Hace poco más de un año que mudé a un modesto servidor dedicado autoadministrado Kemsirve de OVH por el que pago unos 23 lebros de vellón al mes.  Todo funcionó más o menos bien durante unos meses y hasta me animé a recomendar los servicios de esta empresa.

Como ya habrán notado los paseantes habituales el sitio el chiringito ha estado bastantes horas caído durante los últimos días. Gran parte de “culpa” ha sido del pelotazo de visitas, cada día más brutal y amontonado que envía menéame y en los últimos diez días han sido tres avalanchas de esas.

Todo  esto se ha ido complicando también por el incremento del tránsito de humanos  en el fururku debido al tejemaneje de las redes sociales,  el hotlinking, tanto de “cortesía” como del servicio de la viñeta diaria y algunos nuevos enlaces.  Eso que los sapientes llaman morir de éxito.

Un buen amigo, que de estas cosas entiende, ha invertido no pocas horas apuntalando el sitio con un servidor alternativo Nginx para las imágenes, se curró los ajustes de caché para servir páginas estáticas que aguantaran el tirón y otras cosas de las que entiendo lo justo, todo con la intención de optimizar el fururku. Finalmente el hosting parece que no aguanta, como ellos mismos admiten tras insistir durante meses.

Ha legado la hora de ponerle el remedio prometido.

La opciones eran buscar otra habitación más lujosa en la misma fonda  o mudarme a un sitio gratuito y olvidarme de problemas.

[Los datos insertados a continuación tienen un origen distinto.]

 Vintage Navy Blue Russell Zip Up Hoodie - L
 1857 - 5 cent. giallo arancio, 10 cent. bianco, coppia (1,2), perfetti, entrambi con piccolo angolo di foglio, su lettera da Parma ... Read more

Pero la  solución llegó en un correo de RedCoruna que, leyendo las recomendaciones que algunos hicieron,  (1) – (2)- (3) , se interesaron por patrocinar el hosting. Me proponían un acuerdo de colaboración que se cerró por teléfono, me agradó comprobar que compartíamos filosofía sobre las relaciones entre consumidor y empresa de hosting.

Lo que ofrecen es un server dedicado, mucho mejor que el que tenía hasta ahora, con soporte y comprometiéndose a ajustarlo para que aguante lo que le echen. A cambio compartiré, como considere de justicia, mi opinión sobre sus servicios. Es un pacto con intención de permamencia que tiene muchas posibilidades de salir bien. Hay buenas intenciones por ambas bandas.

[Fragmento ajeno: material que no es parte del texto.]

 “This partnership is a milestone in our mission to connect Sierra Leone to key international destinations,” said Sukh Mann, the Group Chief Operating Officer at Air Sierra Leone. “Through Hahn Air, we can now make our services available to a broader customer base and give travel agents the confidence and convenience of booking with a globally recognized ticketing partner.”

Pero como no es tradición de la casa ser palmero por interés, ni  tampoco destruir gratuitamente, les cantaré sus excelencias o les tiraré de las orejas intentado ser sincero según proceda,  pero ahora voy a  preparar los botes salvavidas para meter dentro todos  los archivos y carpetas, porque en unos días aparecerá redcoruna con la migración de rescate.